# MChi's Help Celebrate my Daughters 10th Birthday



## MChis (Oct 13, 2009)

So my youngest daughter, Ivy, turned 10 yesterday. She had her family party on Sunday (about 15 people)& then yesterday she had 4 friends over for the night. It's always a bit nerve wracking for me because I worry about my dogs (I'd worry even w/o my dogs LMAO!) ...especially Maya since she is new to big crowds, children & elders. But I know in order for her get used to it she needs to experience it. We don't typically have big crowds here unless it is one of our girls birthdays or what not. The rest of my crew barks upon arrival (like most do LOL) but settle w/no problem. Some don't like to be fussed over or patted but they mingle amongst my company w/o issue.

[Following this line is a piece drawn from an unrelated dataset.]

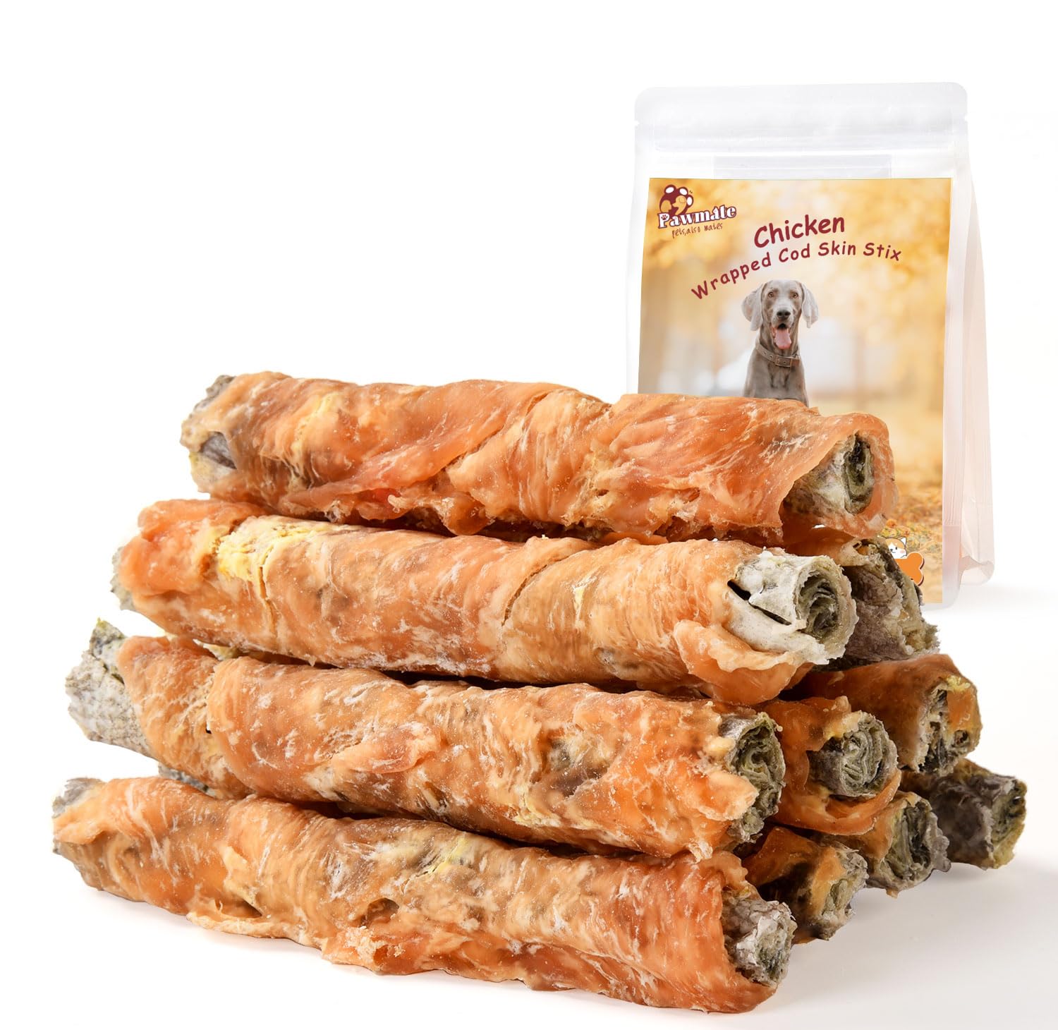 Pawmate Chicken Wrapped Cod Fish Skin Stick Dog Treats, Healthy High Protein Omega3 Cod Twist Dog Chews Real Chicken Wrap Teeth Cleaning for Large Medium Small Pets 10.5OZ
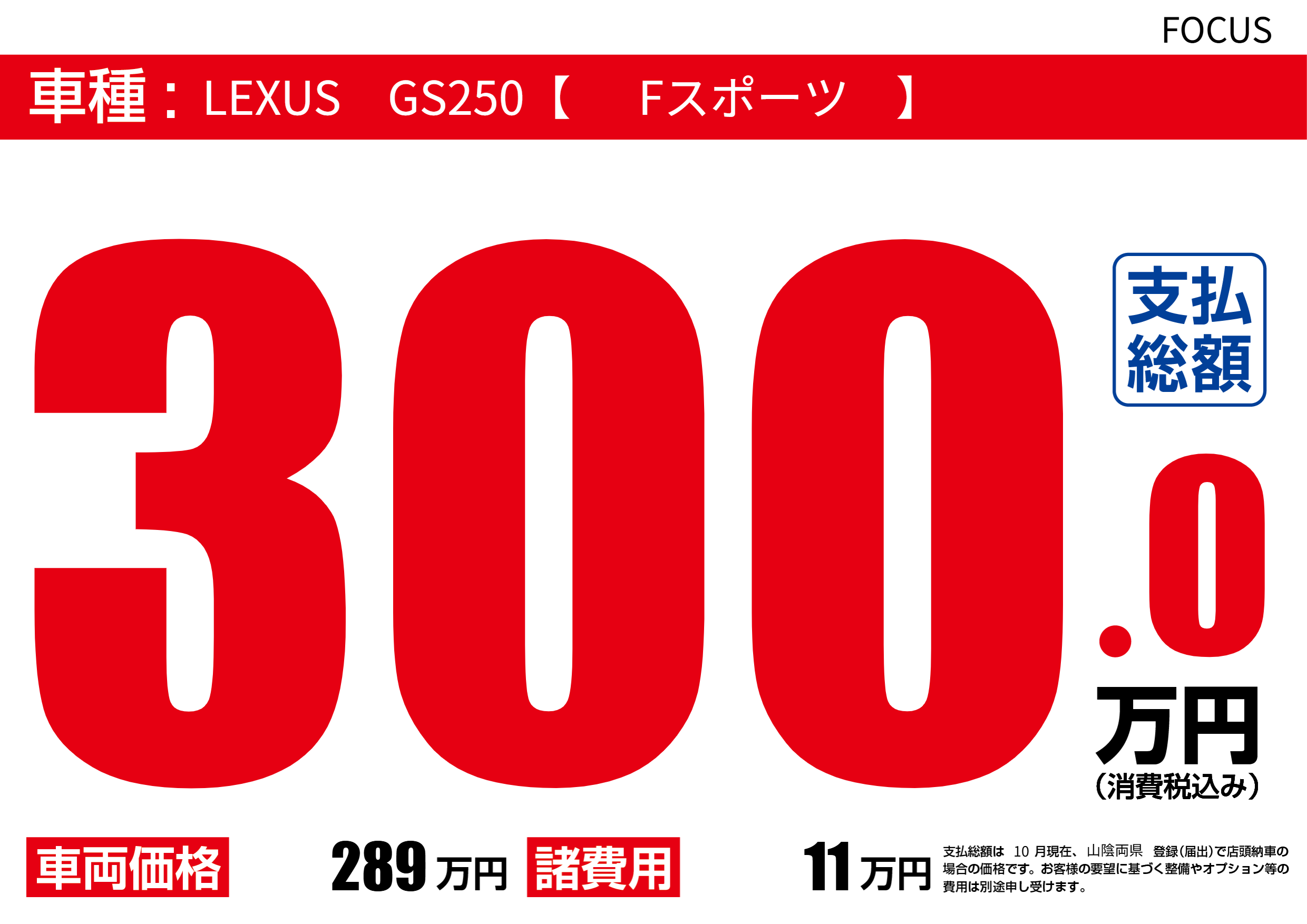| 車名 | LEXUS GS250【 Fスポーツ 】 | グレード ミッション 排気量 |

Anyway, Maya did great with the big crowd on Sunday. I did crate her and Matilda (who has big time fear aggression when it comes to people trying to grab at her and/or pick her up) for a bit while I was busy with gifts & cake because my 1 1/2yo nephew was here running around (and he doesn't always follow the rules if you kwim LOL). Maya did bark/jump at a couple people who were showing too much interest in her but all & all did okay. And for those who don't know - Maya's previous owner informed me when we picked her up that her friends would always tease her when they came over. So yeah. :roll:

Here are a few pics from that party....which I didn't get a lot of the pups I'm just seeing but you get the idea. LOL

New gift...hamster! They had to check it out...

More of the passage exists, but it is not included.